TASK - A faithful, complete transcript of the entries below, without pictures, should be returned.

------------------------------------------------

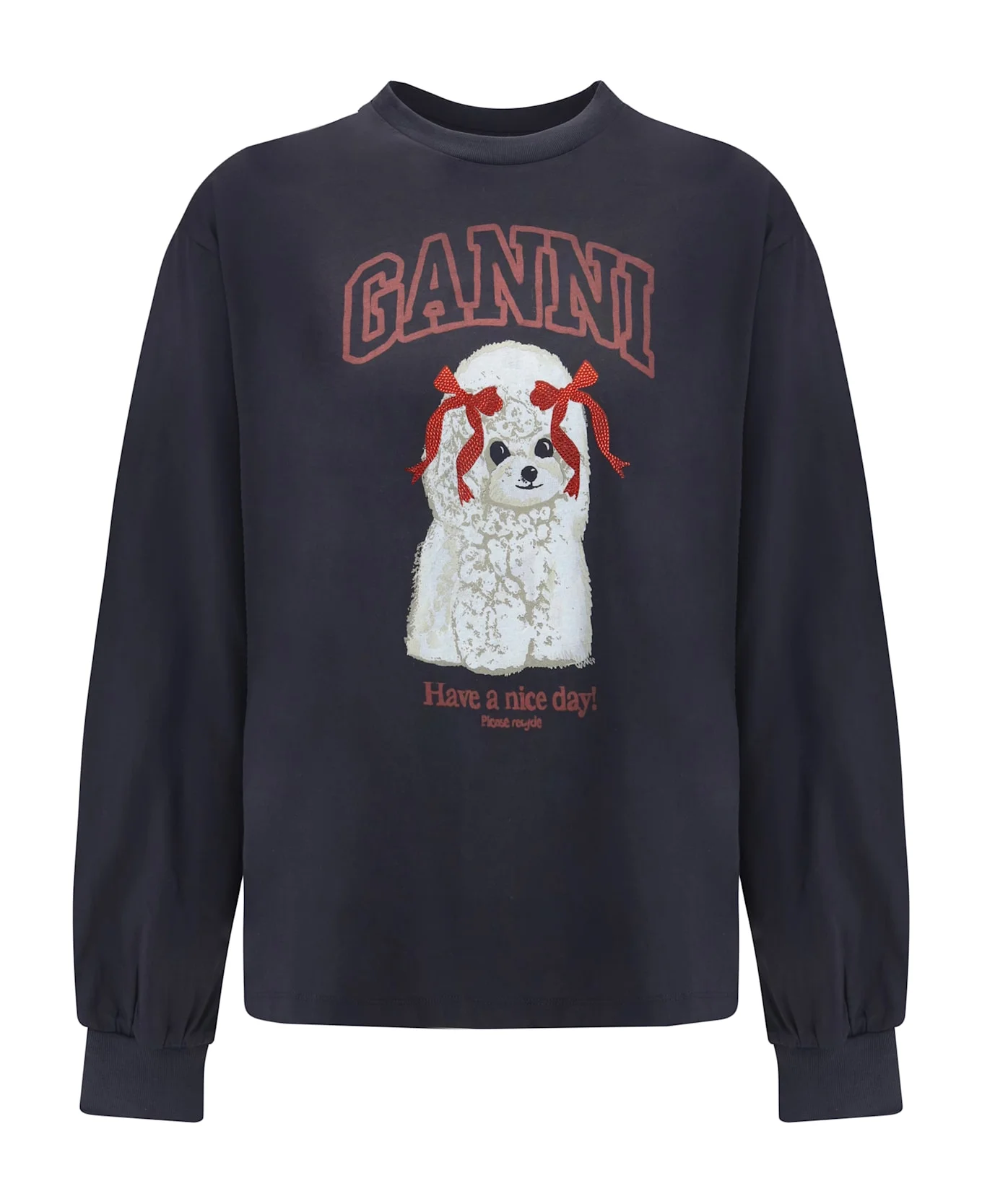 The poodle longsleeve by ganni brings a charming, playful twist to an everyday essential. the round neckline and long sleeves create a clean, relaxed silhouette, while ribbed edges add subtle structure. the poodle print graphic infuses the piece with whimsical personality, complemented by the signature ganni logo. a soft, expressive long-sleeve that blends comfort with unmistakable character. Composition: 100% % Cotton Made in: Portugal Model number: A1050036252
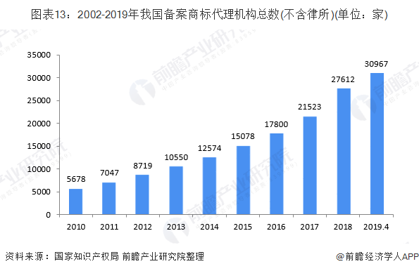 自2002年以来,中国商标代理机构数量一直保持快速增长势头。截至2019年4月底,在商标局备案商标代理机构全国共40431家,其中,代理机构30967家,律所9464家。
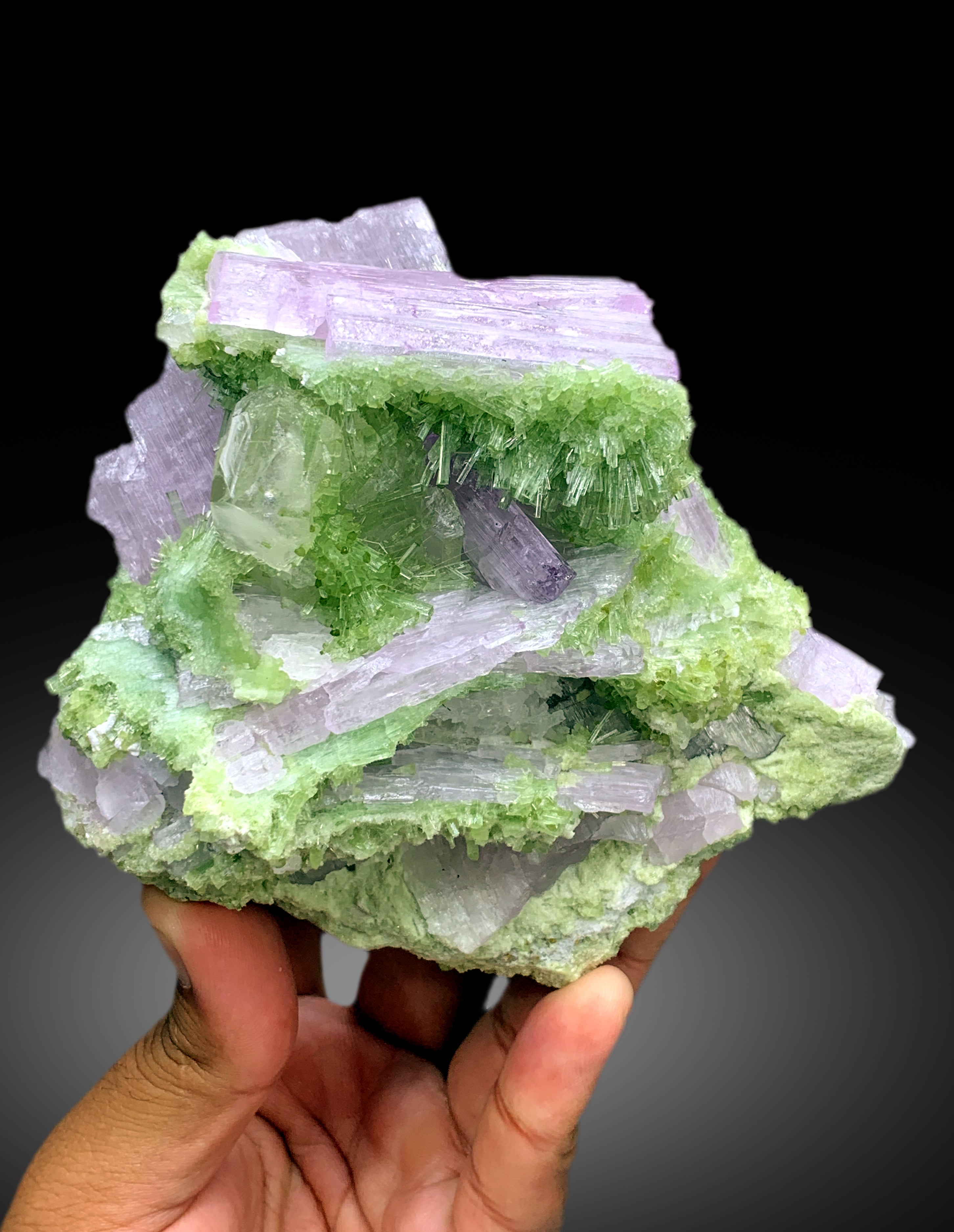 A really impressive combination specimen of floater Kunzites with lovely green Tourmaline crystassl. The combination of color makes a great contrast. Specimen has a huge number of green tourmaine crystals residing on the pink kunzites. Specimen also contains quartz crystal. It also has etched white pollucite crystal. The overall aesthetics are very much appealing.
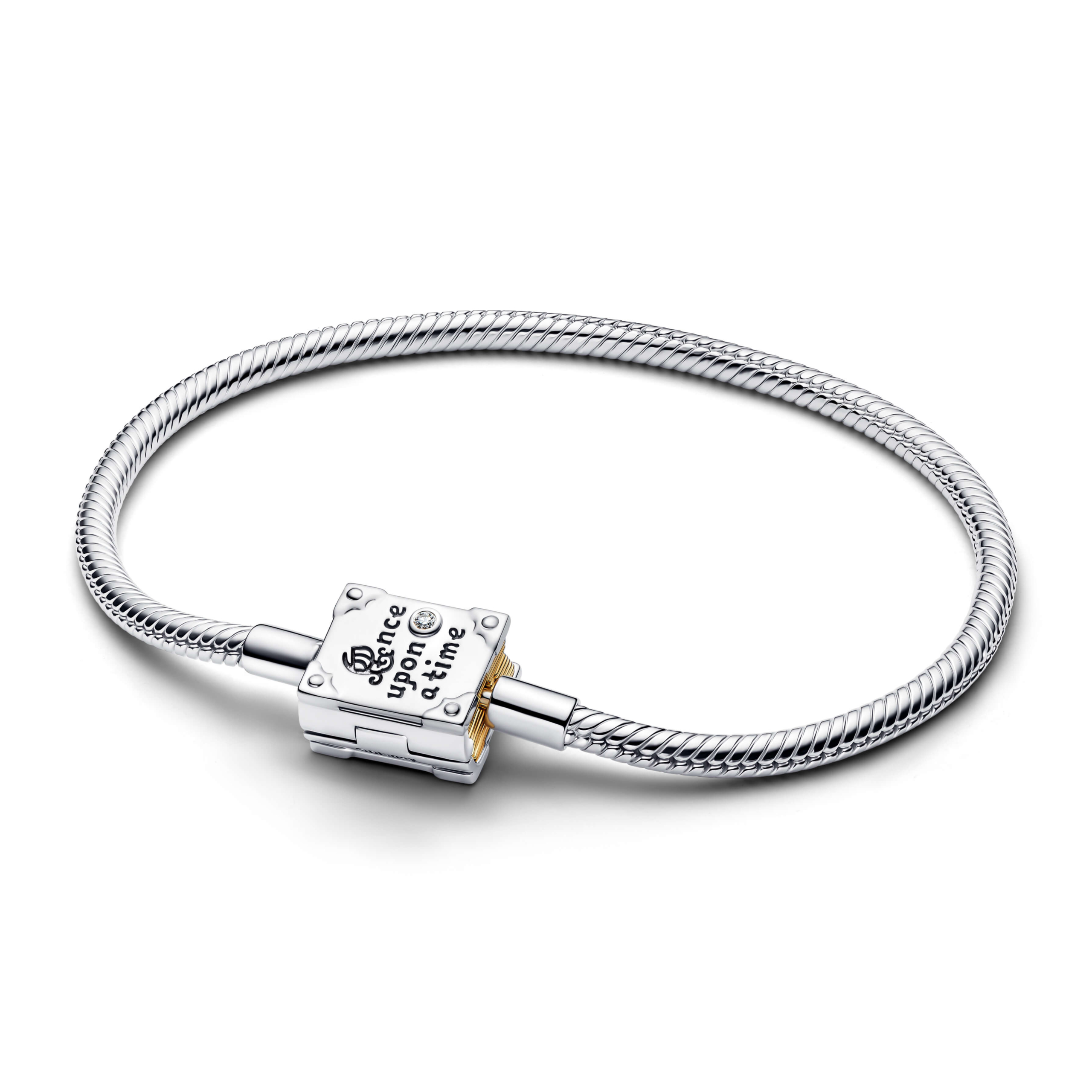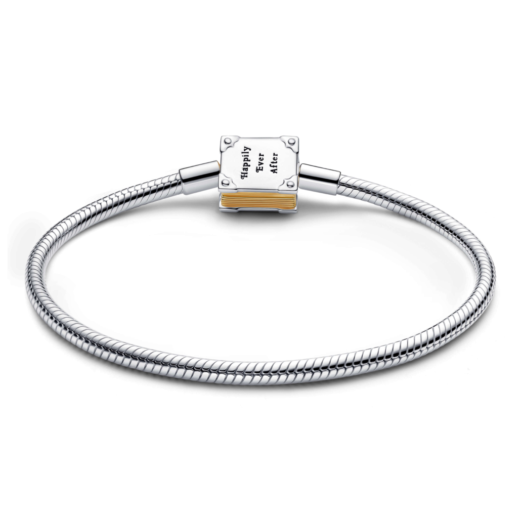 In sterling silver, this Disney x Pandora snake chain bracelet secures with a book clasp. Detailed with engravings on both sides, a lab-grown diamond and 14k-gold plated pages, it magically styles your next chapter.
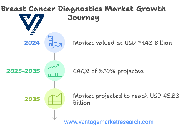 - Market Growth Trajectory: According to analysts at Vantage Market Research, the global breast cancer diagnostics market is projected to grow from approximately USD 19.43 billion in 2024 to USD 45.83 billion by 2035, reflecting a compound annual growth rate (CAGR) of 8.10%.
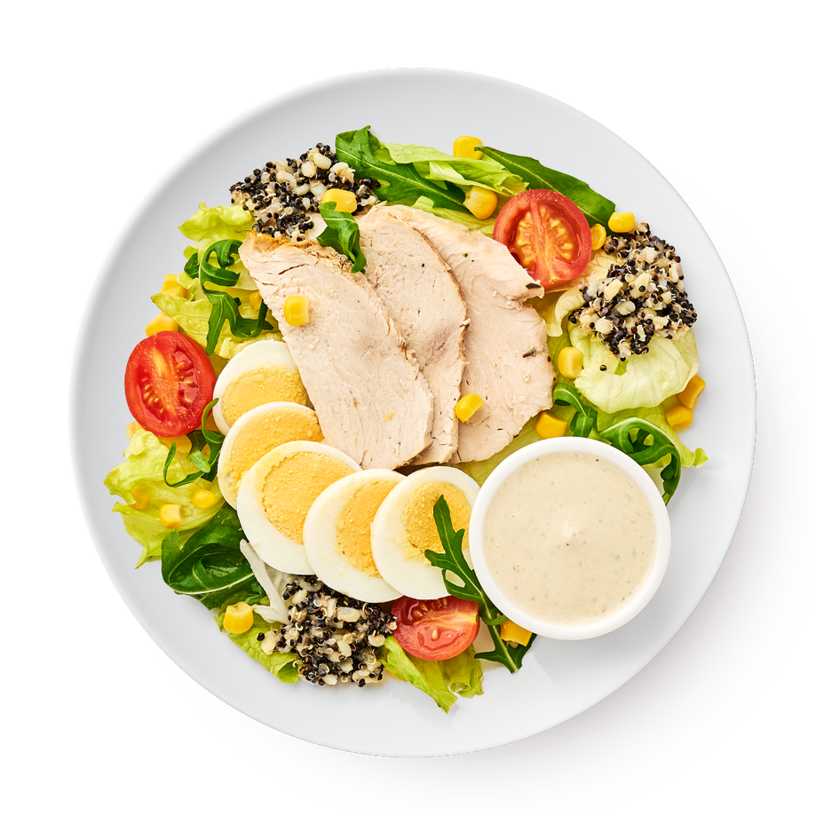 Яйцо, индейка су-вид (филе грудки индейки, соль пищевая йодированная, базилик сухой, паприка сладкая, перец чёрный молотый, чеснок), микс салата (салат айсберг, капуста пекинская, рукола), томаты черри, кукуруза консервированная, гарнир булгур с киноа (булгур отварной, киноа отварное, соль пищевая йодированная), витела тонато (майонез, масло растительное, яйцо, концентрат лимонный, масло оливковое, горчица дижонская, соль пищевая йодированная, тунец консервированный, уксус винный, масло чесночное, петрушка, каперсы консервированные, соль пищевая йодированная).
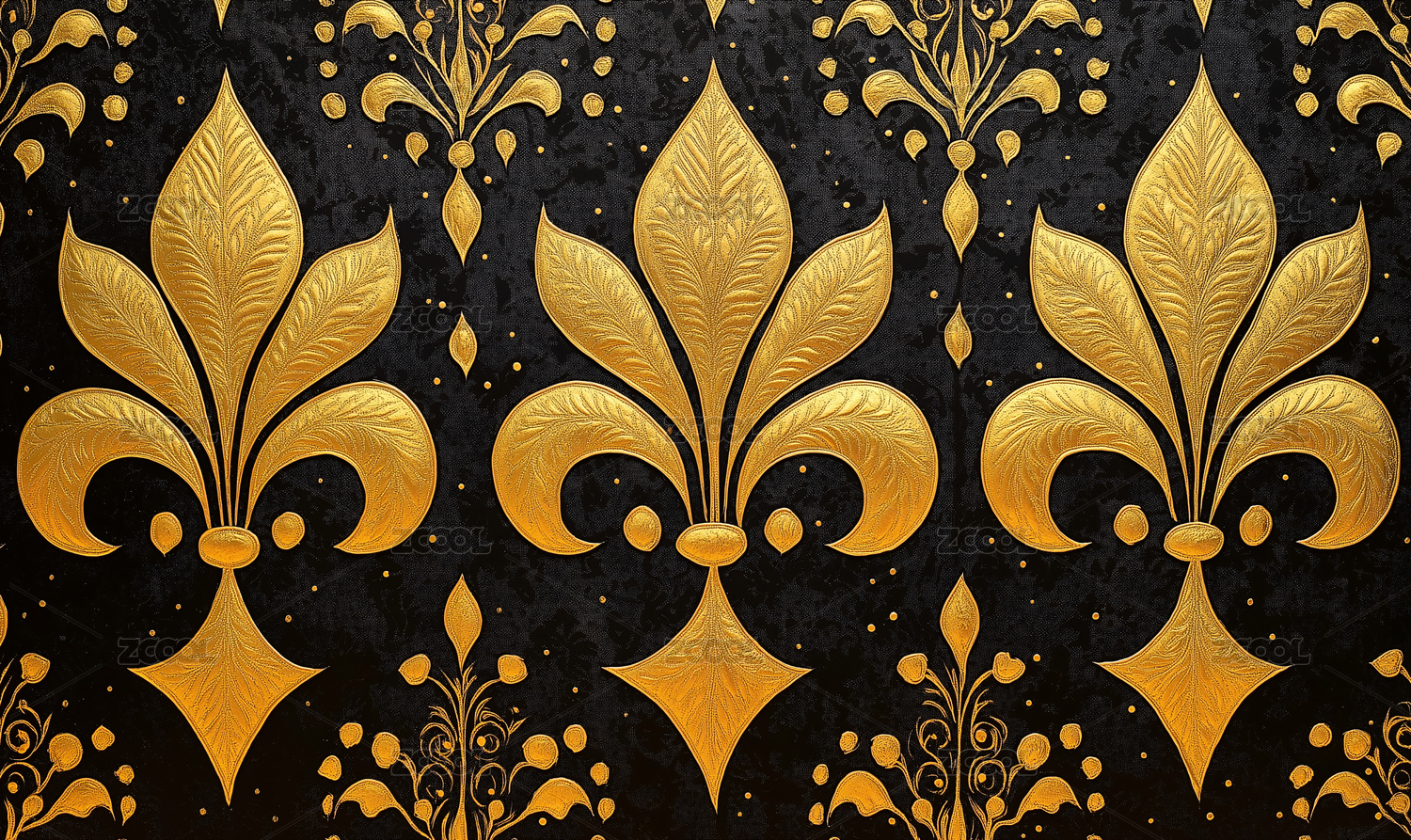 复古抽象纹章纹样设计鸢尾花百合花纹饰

------------------------------------------------

SOLUTION TO THIS PROBLEM -
 The poodle longsleeve by ganni brings a charming, playful twist to an everyday essential. the round neckline and long sleeves create a clean, relaxed silhouette, while ribbed edges add subtle structure. the poodle print graphic infuses the piece with whimsical personality, complemented by the signature ganni logo. a soft, expressive long-sleeve that blends comfort with unmistakable character. Composition: 100% % Cotton Made in: Portugal Model number: A1050036252
 自2002年以来,中国商标代理机构数量一直保持快速增长势头。截至2019年4月底,在商标局备案商标代理机构全国共40431家,其中,代理机构30967家,律所9464家。
 A really impressive combination specimen of floater Kunzites with lovely green Tourmaline crystassl. The combination of color makes a great contrast. Specimen has a huge number of green tourmaine crystals residing on the pink kunzites. Specimen also contains quartz crystal. It also has etched white pollucite crystal. The overall aesthetics are very much appealing.
 In sterling silver, this Disney x Pandora snake chain bracelet secures with a book clasp. Detailed with engravings on both sides, a lab-grown diamond and 14k-gold plated pages, it magically styles your next chapter.
 - Market Growth Trajectory: According to analysts at Vantage Market Research, the global breast cancer diagnostics market is projected to grow from approximately USD 19.43 billion in 2024 to USD 45.83 billion by 2035, reflecting a compound annual growth rate (CAGR) of 8.10%.
 Яйцо, индейка су-вид (филе грудки индейки, соль пищевая йодированная, базилик сухой, паприка сладкая, перец чёрный молотый, чеснок), микс салата (салат айсберг, капуста пекинская, рукола), томаты черри, кукуруза консервированная, гарнир булгур с киноа (булгур отварной, киноа отварное, соль пищевая йодированная), витела тонато (майонез, масло растительное, яйцо, концентрат лимонный, масло оливковое, горчица дижонская, соль пищевая йодированная, тунец консервированный, уксус винный, масло чесночное, петрушка, каперсы консервированные, соль пищевая йодированная).
 复古抽象纹章纹样设计鸢尾花百合花纹饰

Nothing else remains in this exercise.